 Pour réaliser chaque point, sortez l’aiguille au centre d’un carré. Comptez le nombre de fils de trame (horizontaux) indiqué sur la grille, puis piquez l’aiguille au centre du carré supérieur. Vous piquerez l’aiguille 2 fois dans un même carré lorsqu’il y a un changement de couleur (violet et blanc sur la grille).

---

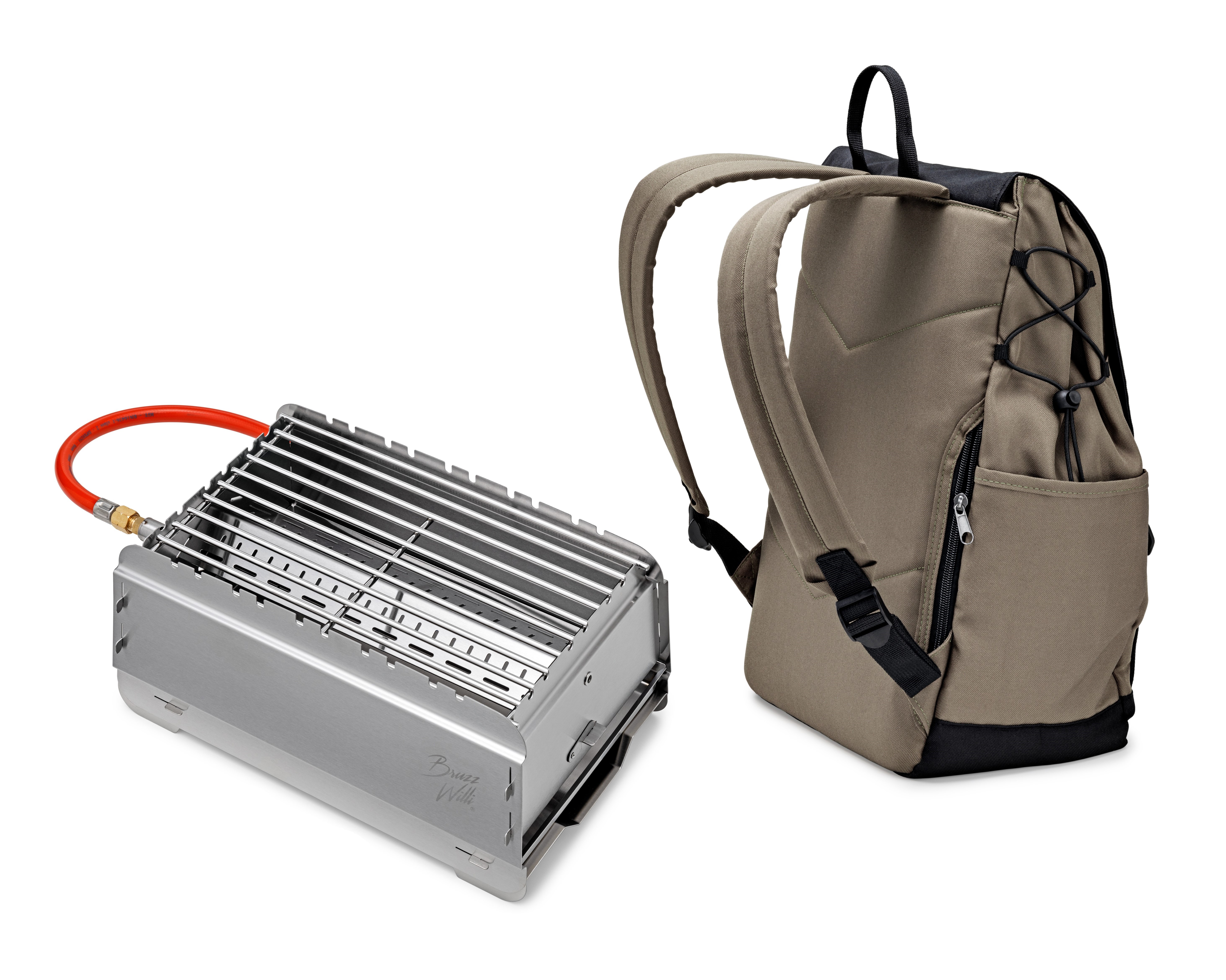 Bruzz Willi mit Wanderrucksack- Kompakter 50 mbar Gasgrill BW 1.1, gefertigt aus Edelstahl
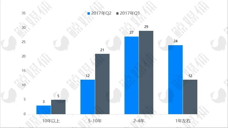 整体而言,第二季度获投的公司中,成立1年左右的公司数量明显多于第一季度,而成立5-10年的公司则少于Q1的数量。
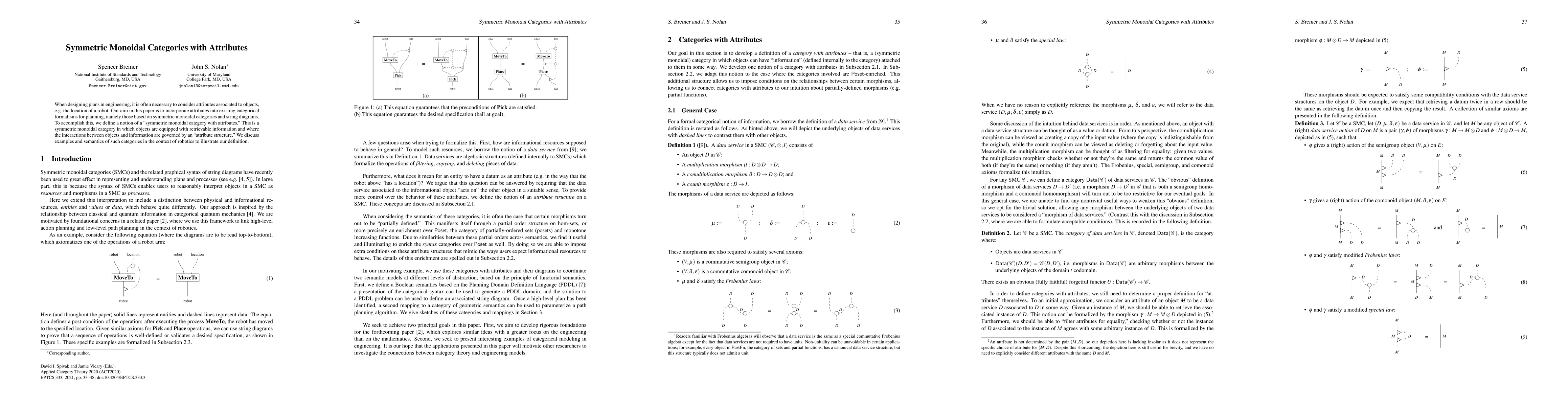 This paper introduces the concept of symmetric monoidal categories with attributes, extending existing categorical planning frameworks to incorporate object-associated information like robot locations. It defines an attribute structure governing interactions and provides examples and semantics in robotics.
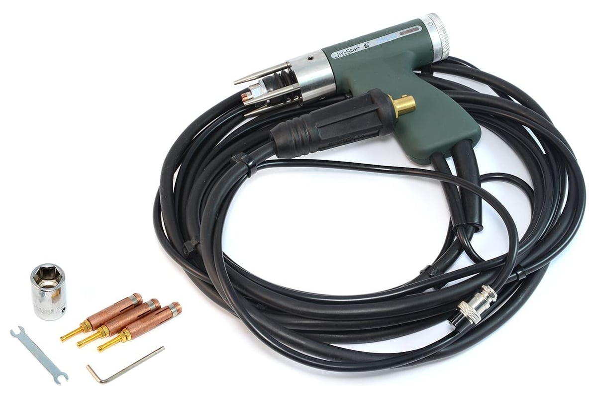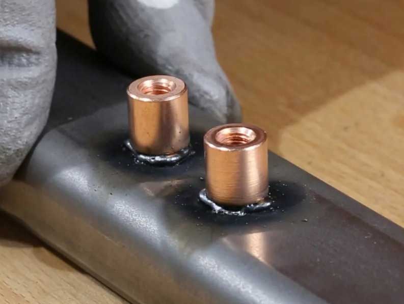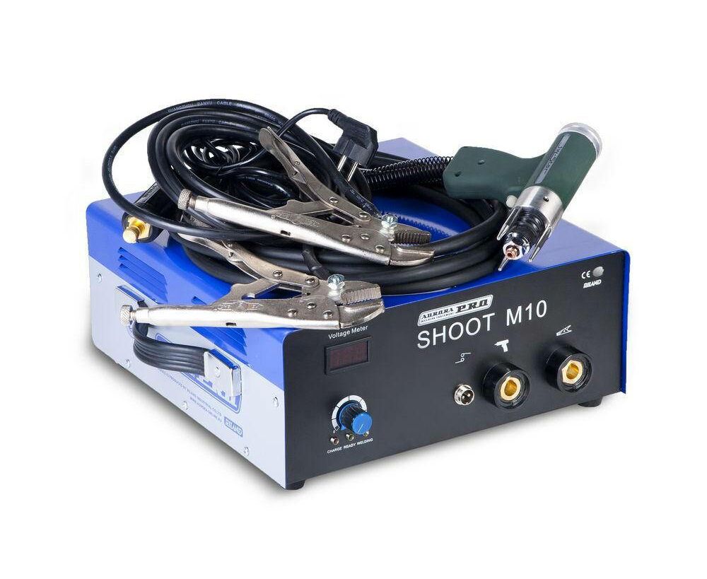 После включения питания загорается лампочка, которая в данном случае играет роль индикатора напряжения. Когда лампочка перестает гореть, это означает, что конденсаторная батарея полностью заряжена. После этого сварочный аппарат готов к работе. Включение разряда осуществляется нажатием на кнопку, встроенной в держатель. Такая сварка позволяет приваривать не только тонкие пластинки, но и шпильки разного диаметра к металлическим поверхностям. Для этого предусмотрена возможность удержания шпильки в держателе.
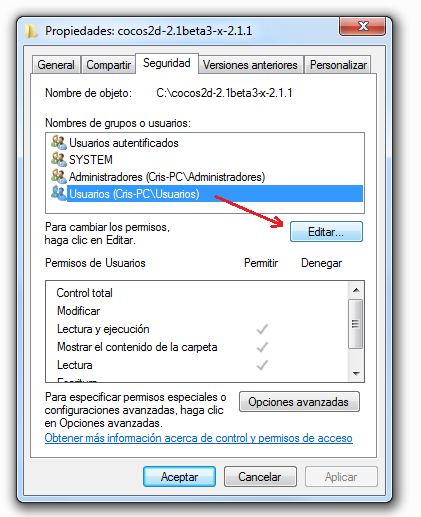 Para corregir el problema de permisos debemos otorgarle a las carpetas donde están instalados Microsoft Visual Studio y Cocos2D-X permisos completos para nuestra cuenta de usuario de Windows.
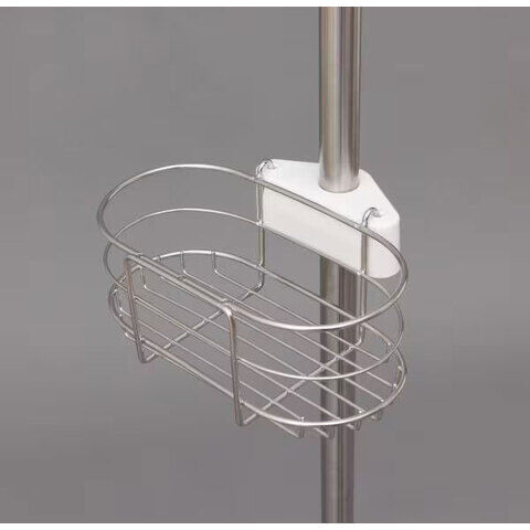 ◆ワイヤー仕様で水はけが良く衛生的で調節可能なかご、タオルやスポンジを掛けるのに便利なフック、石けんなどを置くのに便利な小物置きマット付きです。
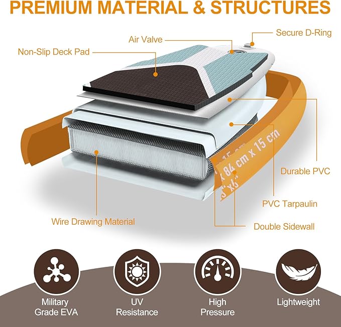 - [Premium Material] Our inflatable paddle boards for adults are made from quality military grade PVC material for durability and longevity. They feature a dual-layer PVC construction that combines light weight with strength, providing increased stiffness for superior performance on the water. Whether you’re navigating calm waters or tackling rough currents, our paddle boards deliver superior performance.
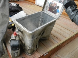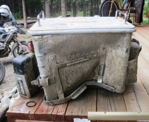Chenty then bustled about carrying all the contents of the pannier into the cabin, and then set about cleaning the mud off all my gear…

ASSIGNMENT: Above are records with pictures. Reproduce exactly only the lines from the line with "整体而言,第二季度获投的公司" through the line with "This paper introduces", both ends included, and leave the pictures out.

TASK ANSWER:
 整体而言,第二季度获投的公司中,成立1年左右的公司数量明显多于第一季度,而成立5-10年的公司则少于Q1的数量。
 This paper introduces the concept of symmetric monoidal categories with attributes, extending existing categorical planning frameworks to incorporate object-associated information like robot locations. It defines an attribute structure governing interactions and provides examples and semantics in robotics.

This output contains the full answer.